I got into trouble for gambling and beating another kid for so much money that he gave me his bankbook and then told his parents that I had hustled him. My dad told me that I was greedy and stupid. If I had only beaten him for a little money, I could have kept on beating him. “But you got greedy and wanted show off and now you are banned from the Boys Club. Not because you gambled, because you were stupid about it.”
My dad was a hustler and a gambler, but he was not compulsive. He cared more about winning than he did about betting. That was why he taught me to never give up control of my bets. “As soon as you spot points, you are not playing the same game as the team that you are betting on. You are a sucker. You may have to give odds, but never give up points.”
These were the ways that my dad taught me about life. His beliefs did not come from books but from life experiences. My dad fixed jukeboxes, pinball machines and pool tables in Newark, NJ. Because I did not live with him, most of our time together was on the one day a week that he picked me up and took me to work. As a kid, I was in some of the hardest bars in Newark on Saturdays. Often, people were still there drinking up their paychecks from the day before. These behaviors shaped his view of race relations. He did not care about social theories on the effects of poverty. He was rightly pretty sure that no one had grown up poorer than he had.
He had run away from an orphanage at an early age and lived on the road. He slept in back of billboards. He was befriended by a man who had been an escapee from an asylum for the criminally insane. That man was his father figure. His mom died shortly after giving him birth, and so he had no mother figure. When I would talk to him about Civil Rights, his heart was hardened. He had been attacked while making collections. He carried a gun with him into these bars. He was convinced from his experience that Black people were shiftless drunkards who squandered their pay instead using it to feed their families and make their lives better. There was no amount of convincing that his son or anyone else could muster that would change his mind. He did not think in the abstract. His beliefs were based solely on his experiences.
When I objected and interjected by book-based theories about civil rights, my dad ridiculed my lack of real-world experience, then he got angry, then he told me that I should stay away from his home and his second marriage children so that I did not infect them with my stupid ideas.
These were hard years. I stayed away and lost any chance of really having relationships with my half-sister and brother. They never knew why I went away. My beliefs were very strong and so were my dad’s convictions. Family was the victim.
My dad and I reconciled largely through the efforts of my sister Terry. She was old enough to remember having a big brother, in name anyway. She was my dad’s favorite and she pushed us to make up, which we did.
“He’s our dad, he’s allowed to be weird.” I remember her saying that and believing it too. She caused me to remember the years and years that my dad was my idol. Now that I had discovered his clay feet, I could not worship him anymore, but I could still love and respect him.
When I was ready to marry, I asked my dad’s opinion of my soon to be bride. His response was “You have to live with her, not me.” That was the sum total of his advice. It gave me insight about he felt about his marriages. He could not live with my mom but could live with his second wife, Dorothy. I knew that my mom was a hard person to live with. I wanted to ask my dad about love, but I never did. I knew that he loved my mom. I knew that he loved me. I am pretty sure that my dad never gave much thought as to why he loved those that he did. He would probably say that they were good to him.

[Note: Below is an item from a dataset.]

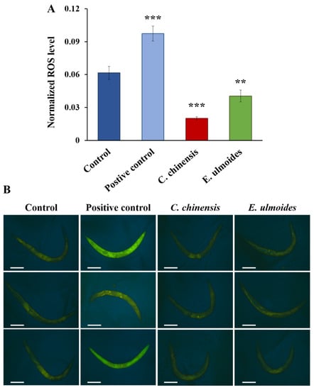 ROS level in C. elegans on the 12th day of adulthood treated with C. chinensis and E. ulmoides. (A) The mean normalized fluorescence intensity is shown for the HyPer transgenic strain on the 12th day of adulthood. Error bars represent the standard error of the mean (SEM) and significant differences to the control are considered with ** (p < 0.01) or *** (p < 0.001), according to a one-way ANOVA and post-hoc Bonferroni test. (B) Representative images for the fluorescence intensity of the HyPer transgenic strain treated with DMSO (control), 10 mM H2O2 (positive control), C. chinensis and E. ulmoides extract are shown. The white scale bars represent 200 µm.

My dad loved my mom. They had the strangest relationship I have ever seen. My dad was not capable of being faithful to one woman. He was not faithful to my mom and he was not after my mom and he had divorced and they had both remarried. They were friends. They had an unmistakable chemistry that caused both of my step-parents discomfort. Despite this, the two couples socialized for years after I was grown and moved away.
My step-father was a compulsive gambler and my dad would beat him at cards most every time the four got together. My step-father would get red in the face and shout and slam the table and my dad would quietly take his money and let him rant. In his own way, I think that he was showing off too.

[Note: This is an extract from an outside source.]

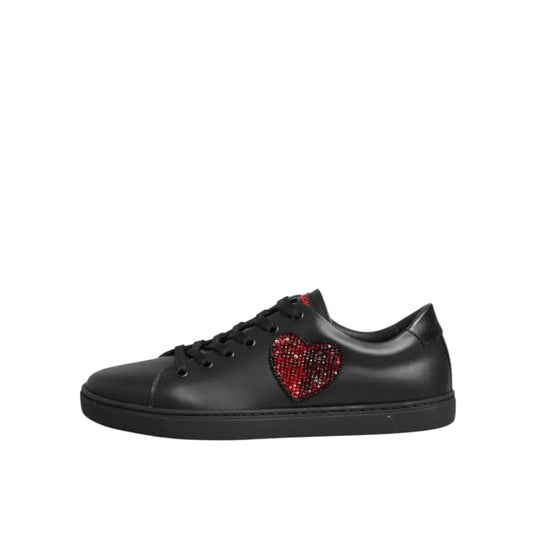 Dolce & Gabbana Black Leather Crystal Heart Low Top Sneakers Shoes

When my dad first got sick, he was shocked by it. A neighbor sponsored him at The Deborah Heart and Lung Center. He remembered having Rheumatic fever when he was a child. He said that had been in the hospital for a long time. He did not know that it had ruined the lining of his heart and valves. He was not the same after the first bypass surgery. The second one nearly killed him and the doctor told him that he was now on borrowed time. His end could take years or weeks or days, but it was on the way. It was an odd way of his past catching up with him.
My dad told me that he did not want to keep living this way. He’d had a stroke and his left arm was not right, but the rest of him had recovered. I remember the last time I saw him alive. He told me with a great deal of pride that he had his golfing clubs modified and had shot an 80.

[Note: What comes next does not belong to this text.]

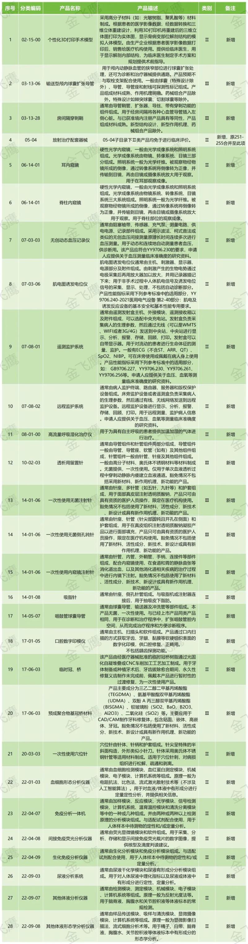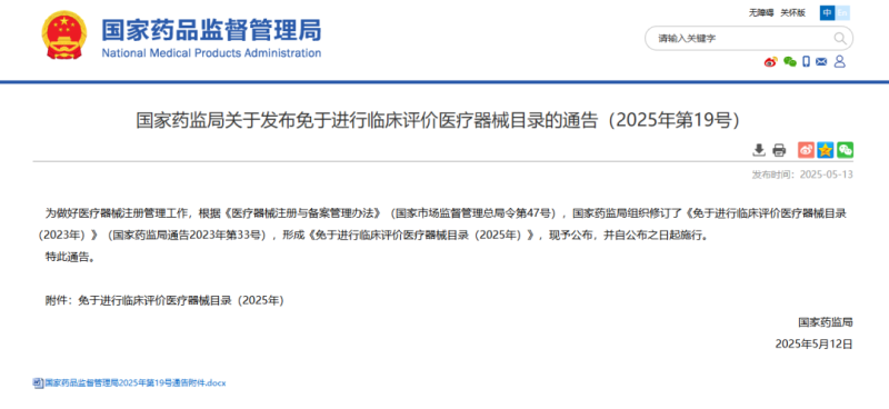 5月13日,國(guó)家藥監(jiān)局官網(wǎng)發(fā)布《免于進(jìn)行臨床評(píng)價(jià)醫(yī)療器械目錄(2025年)》(以下簡(jiǎn)稱(chēng)《目錄》),本次《目錄》中共包含1047類(lèi)(2023年為1025類(lèi))產(chǎn)品,通過(guò)查看附件我們可以發(fā)現(xiàn),本次新增的免臨床產(chǎn)品包括個(gè)性化3D打印手術(shù)模型、無(wú)創(chuàng)動(dòng)態(tài)血壓記錄儀、遠(yuǎn)程監(jiān)護(hù)系統(tǒng)、一次性使用無(wú)菌注射針(用于面部真皮層注射透明質(zhì)酸鈉)等。由于《目錄》全文字?jǐn)?shù)較多,不便在文章中全部展示,我們僅將本次新增的免臨床評(píng)價(jià)產(chǎn)品匯總?cè)缦拢怨┫嚓P(guān)企業(yè)參考:

I don’t really know if that was the truth or the truth my father wanted it to be. My dad often told me the truths that he wanted to believe. He told me that he was a pre-med program at school, but he barely finished high school. There were other stories and lies too. Some were to cover his affairs. Some were the truths that he wanted to be but were not.
I realized later that by telling me, they were at least true for that moment. My dad did not live to see me earn the title of doctor, but I think he would have loved that.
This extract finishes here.